The change will eliminate one of the most common overdraft charges for Bank of America customers.

More than 60 percent of all overdraft fees charged by the bank are for debit card transactions, company spokeswoman Anne Pace said.

The move is the second major change in the largest U.S. bank's overdraft policies, and will affect the largest debit card network in the country.

The first change, in September 2009, curbed the number and amount of overdraft charges customers could receive in a given day.

Under the latest move, customers will simply be declined if they try to make purchases with debit cards without having adequate funds in their checking accounts.

Pace said the move comes after months of customer research and consultation with consumer advocates.

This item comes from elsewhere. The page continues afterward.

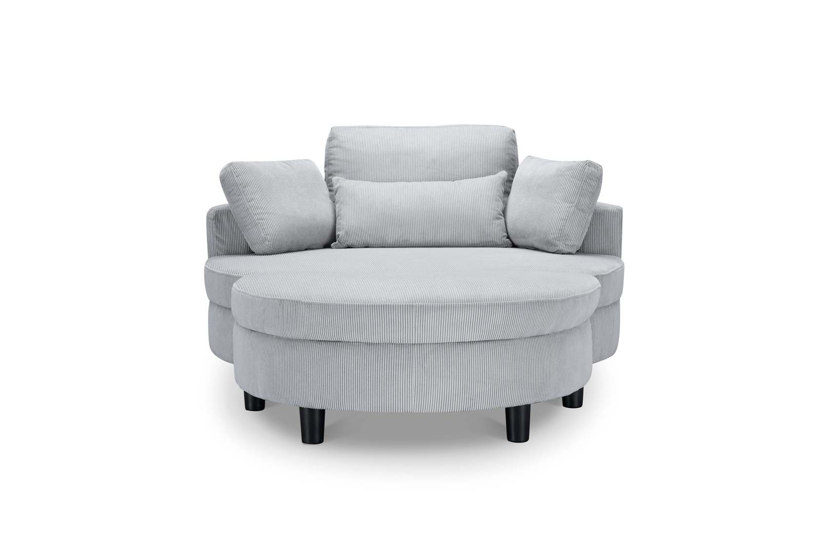Round sofa comfortable corduroy fabric sitting comfortable with two throw pillows, a waist pillow whether you lie or sit can be very good to protect your waist

Customers said they would prefer to have a transaction declined, than have the bank allow them to spend money that was not in their accounts, Pace said.

Overdraft fees have been a hot button issue with consumers and politicians alike, with the U.S. Congress debating last Fall legislation to curb such fees.

The bank did not have an immediate projection for what the changes will cost the bank in fee income.

The changes won't take effect until third quarter, with a reduction in fee income to accelerate in fourth quarter 2010.

After the first round of changes took hold in fourth quarter 2009, overdraft fee income dipped by $160 million, the bank reported on January 15.

(Reporting by Ransdell Pierson and Joe Rauch; editing by Carol Bishopric)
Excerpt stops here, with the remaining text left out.